→ Work to be completed
Every entry is to be restated exactly; pictures are not part of the copy.

Stored records
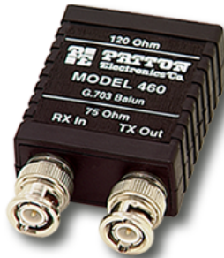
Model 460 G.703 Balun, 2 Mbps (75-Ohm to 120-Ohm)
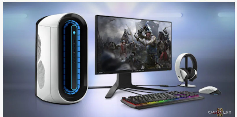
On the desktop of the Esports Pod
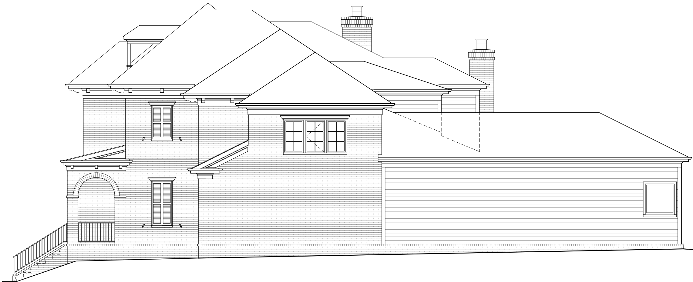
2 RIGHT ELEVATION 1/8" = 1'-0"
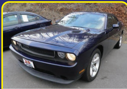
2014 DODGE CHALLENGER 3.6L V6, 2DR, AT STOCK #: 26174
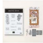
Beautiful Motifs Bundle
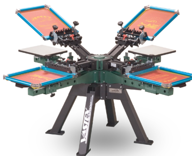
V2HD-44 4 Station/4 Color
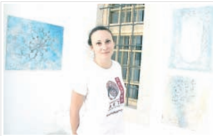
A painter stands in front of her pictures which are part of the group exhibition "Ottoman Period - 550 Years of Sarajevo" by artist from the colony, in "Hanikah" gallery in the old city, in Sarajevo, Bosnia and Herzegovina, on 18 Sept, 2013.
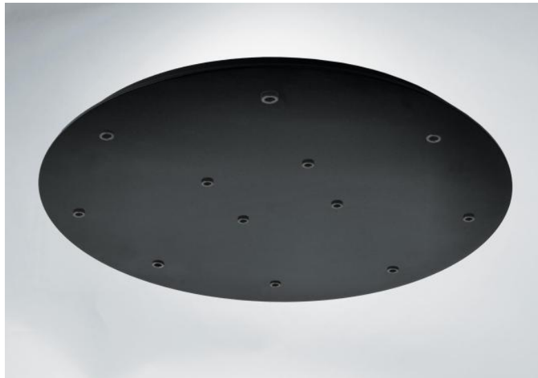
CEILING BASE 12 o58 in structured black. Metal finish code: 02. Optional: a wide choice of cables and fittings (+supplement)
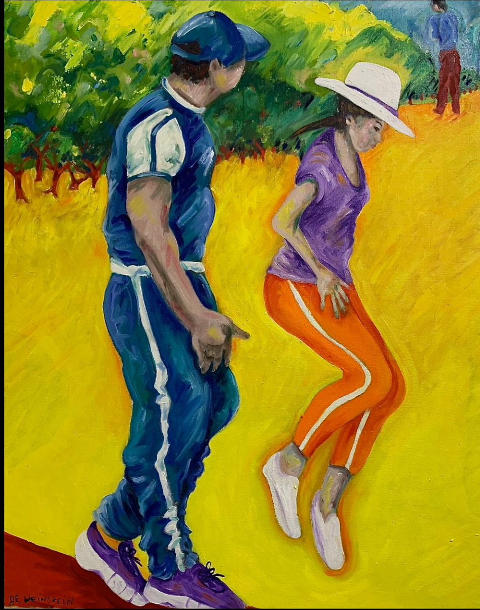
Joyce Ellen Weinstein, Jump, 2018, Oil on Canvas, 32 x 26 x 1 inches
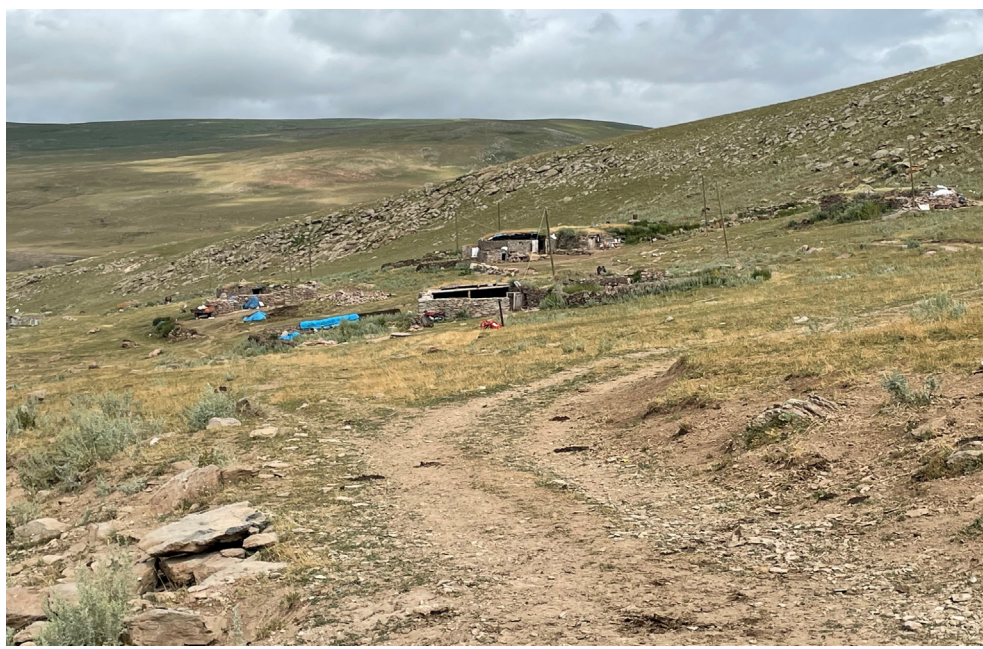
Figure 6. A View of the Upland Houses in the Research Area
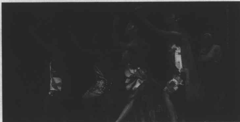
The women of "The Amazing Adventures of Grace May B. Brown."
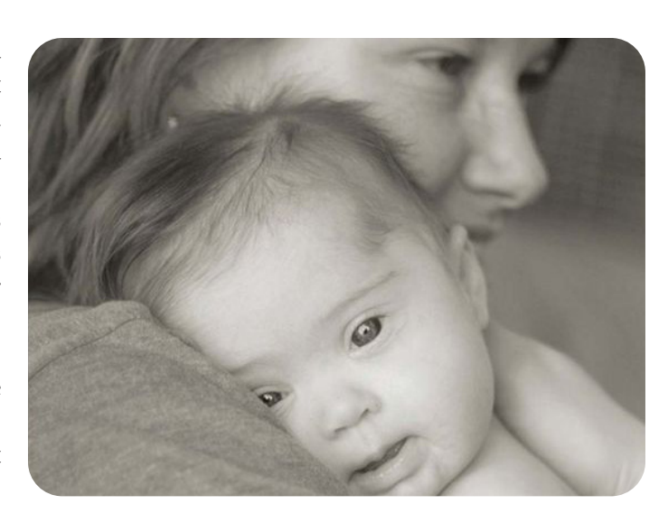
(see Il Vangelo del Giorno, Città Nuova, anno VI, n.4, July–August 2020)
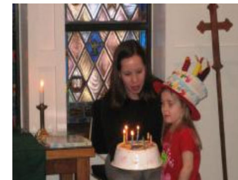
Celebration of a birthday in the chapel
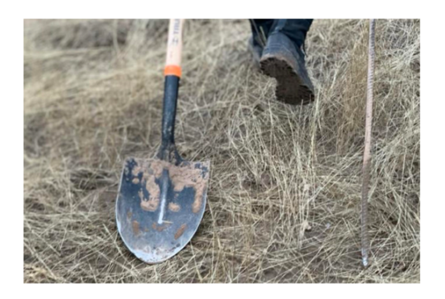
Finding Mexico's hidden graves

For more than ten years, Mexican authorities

→ Your response
Model 460 G.703 Balun, 2 Mbps (75-Ohm to 120-Ohm)
On the desktop of the Esports Pod
2 RIGHT ELEVATION 1/8" = 1'-0"
2014 DODGE CHALLENGER 3.6L V6, 2DR, AT STOCK #: 26174
Beautiful Motifs Bundle
V2HD-44 4 Station/4 Color
A painter stands in front of her pictures which are part of the group exhibition "Ottoman Period - 550 Years of Sarajevo" by artist from the colony, in "Hanikah" gallery in the old city, in Sarajevo, Bosnia and Herzegovina, on 18 Sept, 2013.
CEILING BASE 12 o58 in structured black. Metal finish code: 02. Optional: a wide choice of cables and fittings (+supplement)
Joyce Ellen Weinstein, Jump, 2018, Oil on Canvas, 32 x 26 x 1 inches
Figure 6. A View of the Upland Houses in the Research Area
The women of "The Amazing Adventures of Grace May B. Brown."
(see Il Vangelo del Giorno, Città Nuova, anno VI, n.4, July–August 2020)
Celebration of a birthday in the chapel
Finding Mexico's hidden graves

For more than ten years, Mexican authorities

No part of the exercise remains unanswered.